1. Detroit Pistons: Victor Wembanyama, F, Metropolitans 92 

Wembanyama has been the consensus No. 1 pick since mock drafts began coming out. The most notable aspect of his game is, unsurprisingly, his size. He boasts a 7-foot-2 height, though many believe he’s even closer to 7-foot-4, along with a near-eight-foot wingspan. Wembanyama’s size comes with insane athleticism and defense, which certainly helps him collect three blocks per game over in France this season. 

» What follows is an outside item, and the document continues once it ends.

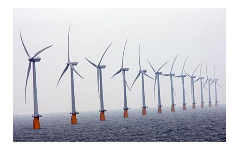
Thanet Wind Farm off the coast of Kent. This should stop the Armada and maybe the Luftwaffe too.

"Every time we were building onshore, the public reacts in a negative way and we had a lot of criticism from neighbours," said a spokesman for the government owned wind company. "Now we are putting all our efforts into offshore wind farms."
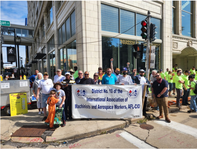
Group photo before the parade begins

He’s touted as the greatest prospect since LeBron James, and his potential certainly matches those expectations. There are nearly no weak points in his game, scoring at all three levels, rebounding effortlessly and remaining shockingly quick on his feet. The only downside for the 19-year-old is his strength, though that is much easier to fix than many of the other issues he could have otherwise been stuck with. Detroit will select Wembanyama, as it’s just not often you get a guy like this. 

2. Houston Rockets: Brandon Miller, F, Alabama 

Miller has dealt with quite a lot over the past few months. He’s dealt with pretty serious character issues off the court, ones that would alienate him from many scouts. That is, if he wasn’t so superb on the court. It is worth mentioning that he was very poor shooting the ball throughout the tournament, which could drop Miller to third or even fourth when combined with his questionable judgment. 

Despite this, Miller has a near perfect game for the NBA. He’s 6-foot-9 with an excellent wingspan, amazing athleticism and defense plus a nearly-complete offensive arsenal. There are concerns regarding his leadership, shot selection and handling the ball, but all three could be ironed out quickly given the right direction. 

3. San Antonio Spurs: Scoot Henderson, G, G League Ignite 

With the play of both Wembanyama and Miller, it puts Henderson in a unique position. He is certainly good enough to be talked about as a future star in the league, yet is overshadowed by the pair. Much of this is due to significant questions surrounding his game — he’s not as complete as the top two prospects are. His defense is, to put it simply, pretty bad, and his fouling doesn’t help. His efficiency, with both shooting and turning over the ball, is equally as questionable.  

Of course, for him to be this high he must have significant bright spots as well. Despite his size he is one of the best rebounding guards in the draft, averaging over five boards per game in the G League. His passing is even more impressive, often making up for the high turnover numbers. He is a high risk, high reward player. If he can just improve his efficiency and choice making, Henderson could become a dominant guard in the league. As of now, that’s still very much an if. 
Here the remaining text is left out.